Wednesday, September 28, 2011

Poetry and Emotional Impact

Just spotted this curious review of Lavinia Greenlaw’s new collection, The Casual Perfect, in The Independent. Its curiosity isn’t altogether the reviewer’s fault. She’s obviously been given a maximum word count and 281 words is hardly sufficient to review a poetry collection with any real insight. It may even have been edited down by someone else to emphasise an attitude that might not have been prevalent in its original draft. Maybe. It’s impossible to tell. The attitude is represented by:
"There is some emotion to be gleaned from these cool, opaque poems."

So the reviewer is analysing the poems to glean emotion from them and largely isn’t succeeding. When she does glean some emotion from a poem, she writes:

"Nicely earthy, it contrasts with the cerebral tone of much of this collection."

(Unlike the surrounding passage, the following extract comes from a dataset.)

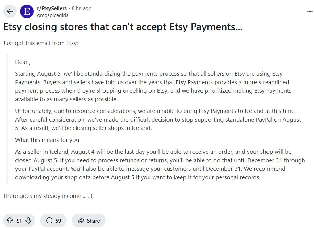 For example, one seller in Iceland posted the email they received on Reddit, saying "there goes my steady income":

Now, a poem’s emotional impact is one measure of a poem’s success. But it is hardly the only measure. We can enjoy poems because they turn our brains inside out, because they transform the way we’ve always looked at something, because their words sing in a way which isn’t merely clever but somehow invigorating, because they coolly hit the nail on the head, because they connect ideas and themes in ways we’d never before imagined, and so on and so on.

I have read some of The Casual Perfect and I think “cool” and “opaque” are both fair words to describe the poems I’ve read, but their payback doesn’t depend so much on a gleaning of emotion as a surrender to and engagement with mystery. Why demand emotional impact when a poem is offering something else entirely?